Peer Ratings and ‘Nicknames’
Further, how can the rating “best lawyer” or “super lawyer” escape rejection as “…a nickname, moniker, motto or trade name that implies an ability to obtain results in a matter,” a designation listed as prohibited to lawyers by the new Rules [See, NYPRR, Sept. 2006, p. 7]? Those designations, introduced by the Presiding Justices in the original draft of the proposed Rules, have been retained in the new Rules under the heading “An advertisement shall not [utilize]…” (DR 2-101(C) (7).

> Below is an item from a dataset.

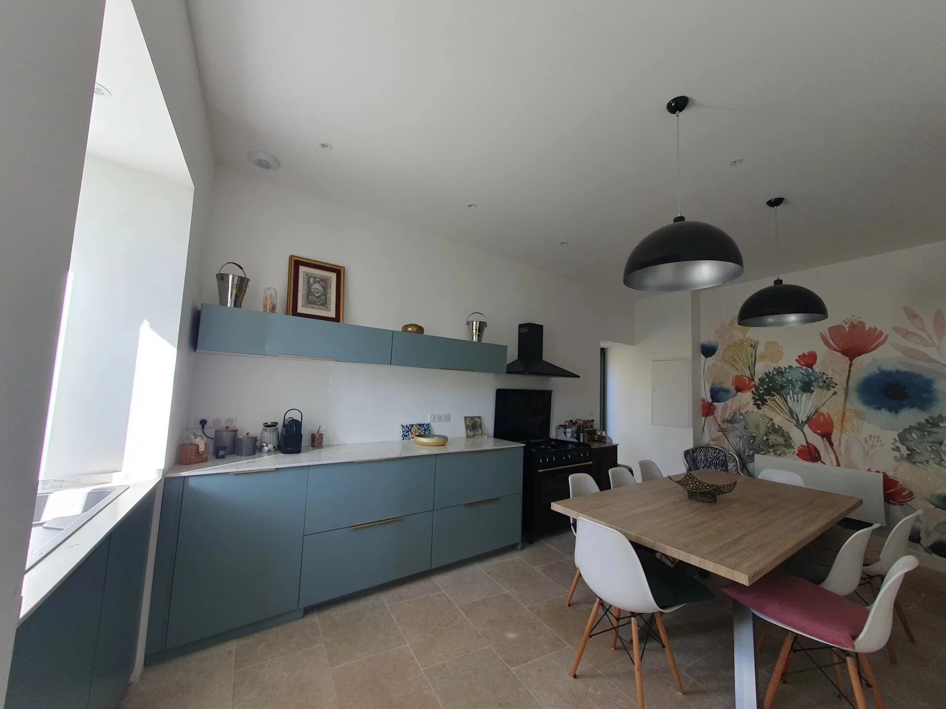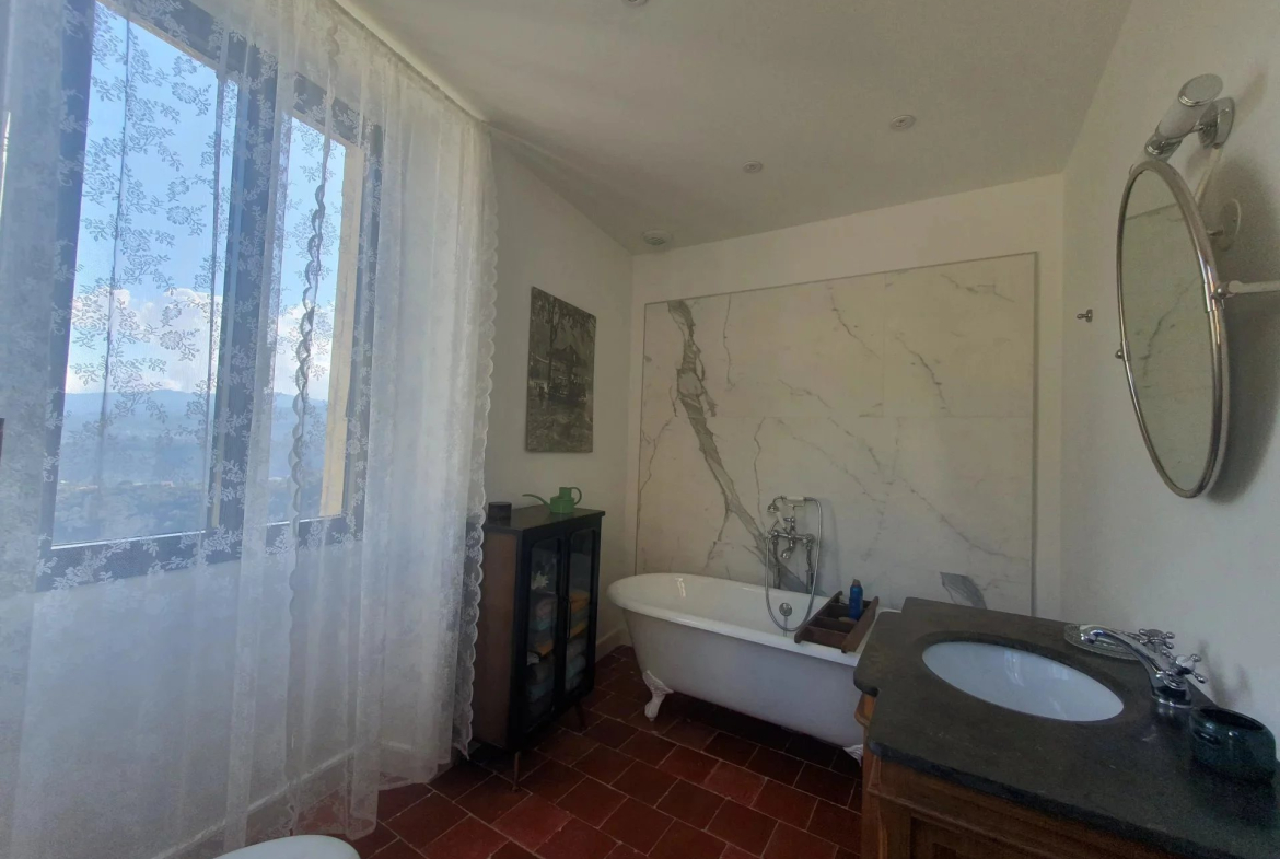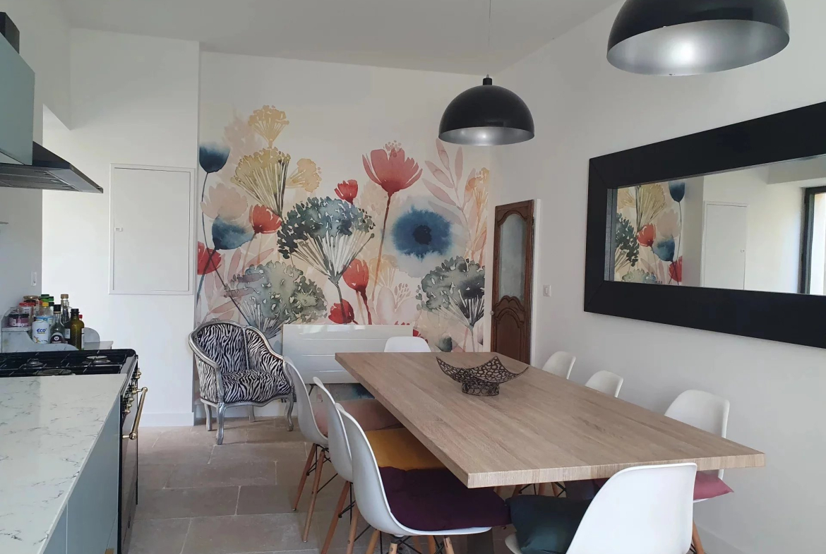 Its 230 m² of living space is spread over two entities: a main house with a large living room with fireplace, family kitchen and five bedrooms including two elegant suites, as well as an independent T4 apartment, bathed in light, with exposed beams and a welcoming terrace.

The issues created by commercial ratings of lawyers have been subjected to increased scrutiny in the last year. The January 2007 edition of the ABA Journal (p. 27) includes an article by Terry Carter entitled, “The Ratings Game.” In it, the author names five firms which are currently reporting and advertising lawyer ratings: Martindale-Hubbell; The Best Lawyers in America; Super Lawyers; Chambers USA; and Lawdragon. He comments, “There are more players to be found — and likely more to come.”
As Mr. Carter reports, the first attack on commercial lawyer ratings came in July 2006, when the New Jersey Committee on Attorney Advertising issued Opinion 39, prohibiting any advertising by New Jersey lawyers which utilized the terms “Super Lawyers” or “Best Lawyers in America”. The Committee’s opinion was challenged in the New Jersey Supreme Court by two prominent Newark law firms and by the publisher of magazine supplements using the designation “Super Lawyer.” The matter is still pending before the Court.

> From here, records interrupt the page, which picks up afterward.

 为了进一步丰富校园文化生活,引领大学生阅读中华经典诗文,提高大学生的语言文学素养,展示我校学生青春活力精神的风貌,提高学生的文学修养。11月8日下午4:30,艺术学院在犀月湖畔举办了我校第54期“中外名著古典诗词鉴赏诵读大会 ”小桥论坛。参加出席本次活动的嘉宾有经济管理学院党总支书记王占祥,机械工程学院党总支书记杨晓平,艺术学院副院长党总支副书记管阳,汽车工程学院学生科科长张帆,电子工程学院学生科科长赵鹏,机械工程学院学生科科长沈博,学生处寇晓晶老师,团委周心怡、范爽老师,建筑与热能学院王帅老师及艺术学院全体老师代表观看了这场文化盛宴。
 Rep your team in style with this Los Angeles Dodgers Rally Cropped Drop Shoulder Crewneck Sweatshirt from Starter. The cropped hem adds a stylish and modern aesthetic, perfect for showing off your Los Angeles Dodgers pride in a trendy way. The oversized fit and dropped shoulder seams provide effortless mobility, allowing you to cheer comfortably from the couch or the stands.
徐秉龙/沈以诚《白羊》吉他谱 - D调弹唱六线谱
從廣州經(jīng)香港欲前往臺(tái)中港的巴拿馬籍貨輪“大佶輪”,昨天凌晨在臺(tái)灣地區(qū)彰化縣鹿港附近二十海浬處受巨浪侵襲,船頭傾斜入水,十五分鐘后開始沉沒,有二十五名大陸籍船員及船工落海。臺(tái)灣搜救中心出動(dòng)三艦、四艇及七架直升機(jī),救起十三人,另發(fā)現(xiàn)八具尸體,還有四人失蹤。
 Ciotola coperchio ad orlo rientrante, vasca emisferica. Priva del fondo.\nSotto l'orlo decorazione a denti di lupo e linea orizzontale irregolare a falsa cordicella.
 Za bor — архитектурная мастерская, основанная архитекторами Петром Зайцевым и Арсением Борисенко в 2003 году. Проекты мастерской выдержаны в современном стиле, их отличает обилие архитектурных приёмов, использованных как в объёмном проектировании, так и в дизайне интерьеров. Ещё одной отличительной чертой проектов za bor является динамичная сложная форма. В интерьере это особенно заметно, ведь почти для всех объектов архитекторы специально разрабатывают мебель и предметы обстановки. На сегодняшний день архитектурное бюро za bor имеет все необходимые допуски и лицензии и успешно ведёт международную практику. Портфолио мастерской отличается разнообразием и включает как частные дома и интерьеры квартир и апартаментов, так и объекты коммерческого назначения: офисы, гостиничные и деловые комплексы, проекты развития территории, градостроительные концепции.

In the meantime, in their first proposals to amend the New York Rules, the Presiding Justices introduced the prohibition against any advertising which utilizes “a nickname, moniker, motto or trade name that implies an ability to obtain results in a matter.” Lest the reader conclude that I have misconstrued the connection between those words and commercial peer ratings, I quote Mr. Carter:
In New York, the proposed amendments are somewhat similar to New Jersey’s Opinion 39 and would prohibit any “nickname, moniker, motto or trade name that implies an ability to obtain results.”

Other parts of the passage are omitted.